London Olympics might make money after all, NBC Sports chief says

Maybe the best way to cut through all the spin and counterspin on the Olympics is this:

Last week, NBC was saying it would lose money on the Olympics.

Yesterday, it said it might break even.

Today, the network is saying it could turn a profit on the $1.18 billion investment.

"Yeah, we think there's a small chance, a chance we could make a little bit of money over the next couple of weeks," Mark Lazarus, chairman of the NBC Sports Group, said in a conference call from London Thursday when asked if the network might turn a profit on the games.

Lazarus attributed the change to the big ratings for the first nights of competition starting Saturday, Sunday and Monday. He said NBC expected big ratings for the opening ceremonies, but that the first few nights of ratings for competition convinced NBC there was a new market of advertisers who didn't buy in advance but would like to buy now.

And while he didn't address it in the conference call, advertisers who buy after it's no longer a gamble pay higher rates.

And that is the name of the biggest game in all media these days: Finding a way to monetize -- maximum monetize -- the content you own. That's what the queue of new Olympics buyers shows: NBC has found a way in using social and online media to drive viewers to prime time to make money on old-media TV where it can charge the highest rates. It's as if newspapers found a way to use their online and social media platforms to drive that audience back to print subscriptions or box sales.

Lazarus addressed surprisingly polite questions about the ire sounded in social media over the weekend and earlier in the week, by sounding the same theme other NBC executives have said in telephone interviews with me: The majority of American viewers and media consumers seem to like what NBC is doing. It's a "loud minority" complaining.

"The overwhelming majority of people are voting with their clicker and their mouses and their fingertips on every device, saying, 'We're with you, we're enjoying what you're doing, thank you, please continue,'" he said.

"We listen, we read, we understand that there are people who don't like what we're doing. We think that's a very loud minority, and the silent majority has been with us the first six days."

Alan Wurtzel, head of research for NBC, said the network's digital results "parallel television" in terms of success.

He said, so far, 28 million have visited, while 4.6 million have been to the network's mobile sites. The latter is double Beijing.

Furthermore, digital and social media are driving younger viewers to prime-time TV, according to Nielsen research that he cited.

"We always said this will be the first truly social media Olympics, and that's exactly how it's turning out."

Wurtzel said 82 percent of viewers surveyed by NBC have said, "with all the buzz, I have become more interested in watching the Olympics."

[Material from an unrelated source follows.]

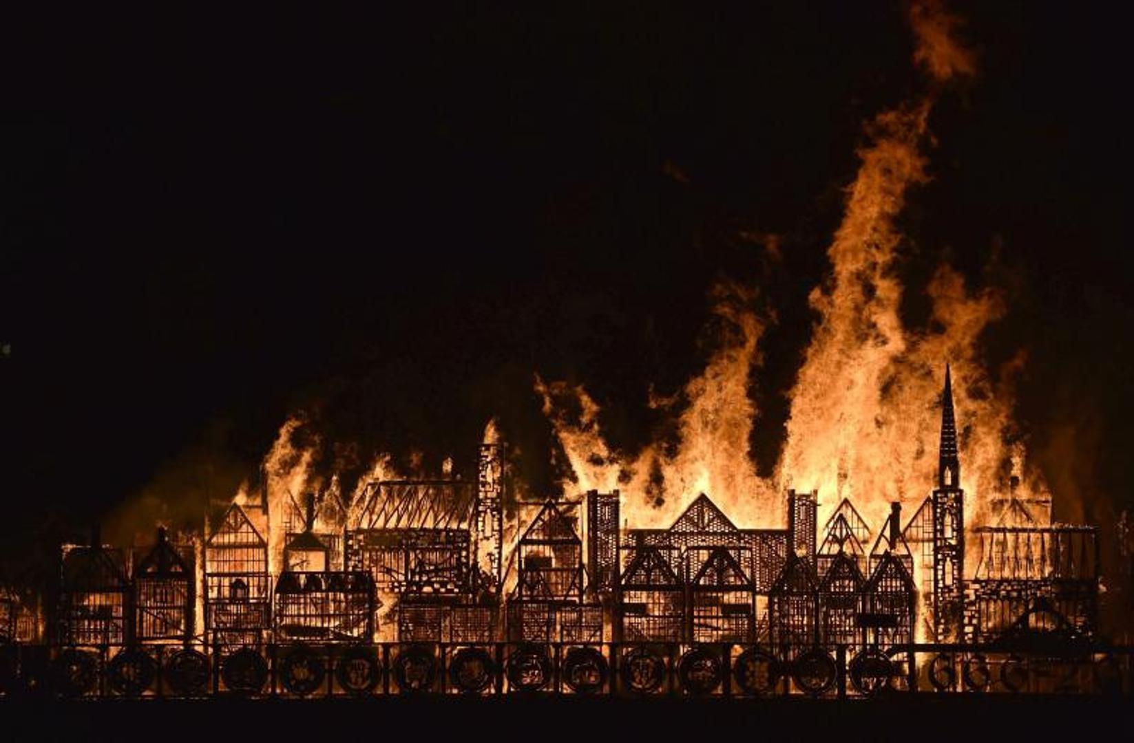 Prije 350 godina četiri paklena dana obilježila su London kada je nezapamćeni požar zahvatio grad. U sjećanje na tragediju sinoć je na obali rijeke Temze gorjela 120 metara visoka replika grada, autorsko djelo američkog umjetnika Davida Besta.

He said "two-thirds" of viewers surveyed told interviewers, "I've gotten in these Olympics because friends and family members are actively engaged in posting and tweeting about the games."

"Our total teen audience is up 28 percent compared to Beijing," Wurtzel said. "Viewing by teen girls is up 62 percent, teenage boys up 7 percent. Viewing by kids 2 to 11 is up 33 percent."

Indicative of how good NBC is feeling about things, Wurtzel, a self-described "research geek," felt confident enough on the phone yesterday to offer reporters his favorite "fun factoid."

"Archery is the new curling," he said. "It's delivered an average of 1.5 million viewers making it the highest-rated cable sports, beating out basketball."

He later explained that's the average for basketball -- not for basketball when the men's Olympic team is playing.

Still, there's nothing like the thought of making money instead of losing it to bring out a network executive's sense of humor -- weird as the sense might be.